*EXERCISE PROMPT:* What are the lines below, starting at the line containing "Lithographie Fürstenbrunn bei" and ending at the line containing "उनके अन्य एक"? Write them out exactly, ends included, without pictures.

** Opening DATA EXTRACT block **

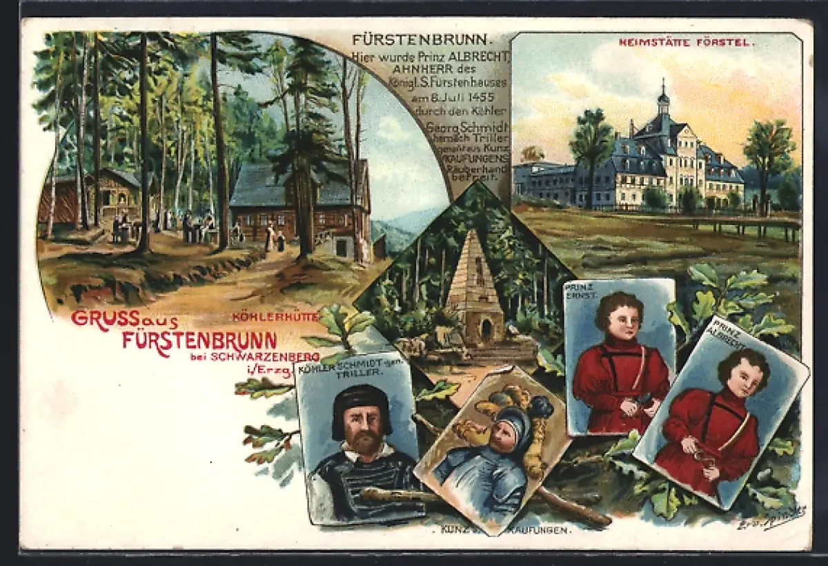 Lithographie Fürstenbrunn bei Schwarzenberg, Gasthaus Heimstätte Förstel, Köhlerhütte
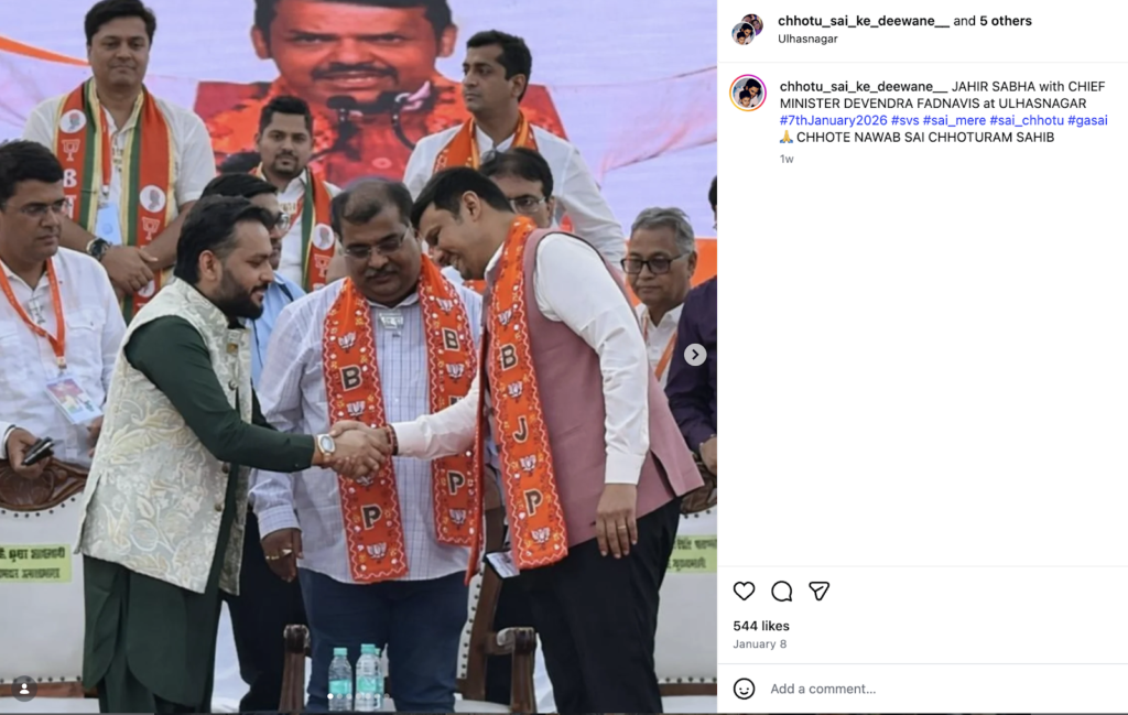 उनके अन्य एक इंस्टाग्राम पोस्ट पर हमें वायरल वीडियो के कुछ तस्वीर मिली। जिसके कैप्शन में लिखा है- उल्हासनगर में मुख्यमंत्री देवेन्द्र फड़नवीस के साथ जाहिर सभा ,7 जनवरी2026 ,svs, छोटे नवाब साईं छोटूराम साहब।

** Closing DATA EXTRACT block **
** Opening DATA EXTRACT block **

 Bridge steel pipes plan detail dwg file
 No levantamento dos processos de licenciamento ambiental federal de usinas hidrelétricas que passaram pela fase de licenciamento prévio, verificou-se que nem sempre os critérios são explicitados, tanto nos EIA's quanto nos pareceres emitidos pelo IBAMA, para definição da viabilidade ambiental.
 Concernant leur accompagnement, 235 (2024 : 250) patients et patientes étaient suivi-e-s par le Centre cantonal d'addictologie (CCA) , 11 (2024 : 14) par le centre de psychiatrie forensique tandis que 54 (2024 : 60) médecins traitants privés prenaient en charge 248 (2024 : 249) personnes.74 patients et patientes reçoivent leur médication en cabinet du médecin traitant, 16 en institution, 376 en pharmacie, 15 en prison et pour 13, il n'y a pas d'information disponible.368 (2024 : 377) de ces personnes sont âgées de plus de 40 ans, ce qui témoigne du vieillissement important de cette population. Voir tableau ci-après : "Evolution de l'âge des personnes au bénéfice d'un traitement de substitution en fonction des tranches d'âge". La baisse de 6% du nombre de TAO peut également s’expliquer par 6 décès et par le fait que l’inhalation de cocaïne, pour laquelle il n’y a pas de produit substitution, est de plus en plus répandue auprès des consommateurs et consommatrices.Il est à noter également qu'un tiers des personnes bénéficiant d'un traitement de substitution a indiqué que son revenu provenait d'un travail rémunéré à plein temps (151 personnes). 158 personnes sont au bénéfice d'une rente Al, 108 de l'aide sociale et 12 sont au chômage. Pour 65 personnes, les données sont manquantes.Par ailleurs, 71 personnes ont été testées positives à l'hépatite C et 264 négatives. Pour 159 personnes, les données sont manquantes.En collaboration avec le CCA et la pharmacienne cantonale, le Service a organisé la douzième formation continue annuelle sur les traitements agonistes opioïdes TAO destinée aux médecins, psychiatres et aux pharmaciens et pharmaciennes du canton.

** Closing DATA EXTRACT block **
** Opening DATA EXTRACT block **

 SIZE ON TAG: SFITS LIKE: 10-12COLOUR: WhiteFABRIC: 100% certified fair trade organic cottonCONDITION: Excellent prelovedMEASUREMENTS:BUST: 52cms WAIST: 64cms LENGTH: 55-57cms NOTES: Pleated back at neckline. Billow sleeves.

** Closing DATA EXTRACT block **

*RESPONSE:*
 Lithographie Fürstenbrunn bei Schwarzenberg, Gasthaus Heimstätte Förstel, Köhlerhütte
 उनके अन्य एक इंस्टाग्राम पोस्ट पर हमें वायरल वीडियो के कुछ तस्वीर मिली। जिसके कैप्शन में लिखा है- उल्हासनगर में मुख्यमंत्री देवेन्द्र फड़नवीस के साथ जाहिर सभा ,7 जनवरी2026 ,svs, छोटे नवाब साईं छोटूराम साहब।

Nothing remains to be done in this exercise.